[Opening LISTED RECORDS section]
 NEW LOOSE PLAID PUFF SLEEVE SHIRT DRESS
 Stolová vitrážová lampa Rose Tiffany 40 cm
[Closing LISTED RECORDS section]
[Opening LISTED RECORDS section]
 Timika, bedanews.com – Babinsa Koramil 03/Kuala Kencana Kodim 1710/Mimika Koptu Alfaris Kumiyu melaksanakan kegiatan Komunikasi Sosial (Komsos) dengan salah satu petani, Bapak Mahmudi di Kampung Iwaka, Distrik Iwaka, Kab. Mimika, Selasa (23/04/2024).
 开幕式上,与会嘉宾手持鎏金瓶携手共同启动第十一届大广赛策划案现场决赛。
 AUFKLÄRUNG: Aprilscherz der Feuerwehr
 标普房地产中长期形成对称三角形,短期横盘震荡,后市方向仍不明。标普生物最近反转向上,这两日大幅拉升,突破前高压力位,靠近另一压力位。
[Closing LISTED RECORDS section]
[Opening LISTED RECORDS section]
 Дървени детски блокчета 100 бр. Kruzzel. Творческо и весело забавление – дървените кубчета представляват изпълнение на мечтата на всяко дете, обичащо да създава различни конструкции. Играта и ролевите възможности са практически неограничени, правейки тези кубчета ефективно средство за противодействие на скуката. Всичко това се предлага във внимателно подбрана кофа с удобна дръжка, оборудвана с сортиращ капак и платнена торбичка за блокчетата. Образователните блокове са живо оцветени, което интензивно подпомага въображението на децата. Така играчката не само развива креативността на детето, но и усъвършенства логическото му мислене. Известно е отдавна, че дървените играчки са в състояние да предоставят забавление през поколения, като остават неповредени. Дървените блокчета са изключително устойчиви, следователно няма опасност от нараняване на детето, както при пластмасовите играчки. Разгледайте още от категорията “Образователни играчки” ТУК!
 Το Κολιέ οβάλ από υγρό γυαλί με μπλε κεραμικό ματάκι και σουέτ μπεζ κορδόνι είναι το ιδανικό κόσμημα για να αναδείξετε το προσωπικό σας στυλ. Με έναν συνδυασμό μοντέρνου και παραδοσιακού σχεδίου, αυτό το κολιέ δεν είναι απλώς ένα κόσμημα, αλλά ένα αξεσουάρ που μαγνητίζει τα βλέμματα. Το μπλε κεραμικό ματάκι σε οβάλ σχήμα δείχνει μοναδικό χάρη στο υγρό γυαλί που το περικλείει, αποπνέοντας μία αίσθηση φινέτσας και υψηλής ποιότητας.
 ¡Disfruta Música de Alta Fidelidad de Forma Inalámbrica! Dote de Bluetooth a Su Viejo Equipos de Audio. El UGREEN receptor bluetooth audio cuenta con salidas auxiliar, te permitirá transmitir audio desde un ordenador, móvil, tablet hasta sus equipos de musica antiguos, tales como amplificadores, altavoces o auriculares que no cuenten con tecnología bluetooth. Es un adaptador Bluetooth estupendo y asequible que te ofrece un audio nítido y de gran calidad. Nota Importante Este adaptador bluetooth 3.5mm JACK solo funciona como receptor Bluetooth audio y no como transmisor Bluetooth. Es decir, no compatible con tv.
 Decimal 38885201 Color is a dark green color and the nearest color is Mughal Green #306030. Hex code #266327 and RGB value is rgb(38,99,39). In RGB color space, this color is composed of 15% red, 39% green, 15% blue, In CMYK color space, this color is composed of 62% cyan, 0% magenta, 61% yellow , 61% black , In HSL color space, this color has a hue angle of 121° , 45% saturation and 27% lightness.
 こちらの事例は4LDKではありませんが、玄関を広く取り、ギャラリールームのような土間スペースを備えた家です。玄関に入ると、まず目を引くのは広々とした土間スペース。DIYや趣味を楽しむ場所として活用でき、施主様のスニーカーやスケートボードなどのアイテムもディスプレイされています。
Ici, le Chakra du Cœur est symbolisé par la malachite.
[Closing LISTED RECORDS section]
-- TASK TO COMPLETE --
Reproducing the whole listing above is not the task. Copy exactly only the lines from the one with "こちらの事例は4LDKではあ" to the one with "Ici, le Chakra", both kept.

-- EXERCISE OUTPUT --
 こちらの事例は4LDKではありませんが、玄関を広く取り、ギャラリールームのような土間スペースを備えた家です。玄関に入ると、まず目を引くのは広々とした土間スペース。DIYや趣味を楽しむ場所として活用でき、施主様のスニーカーやスケートボードなどのアイテムもディスプレイされています。
Ici, le Chakra du Cœur est symbolisé par la malachite.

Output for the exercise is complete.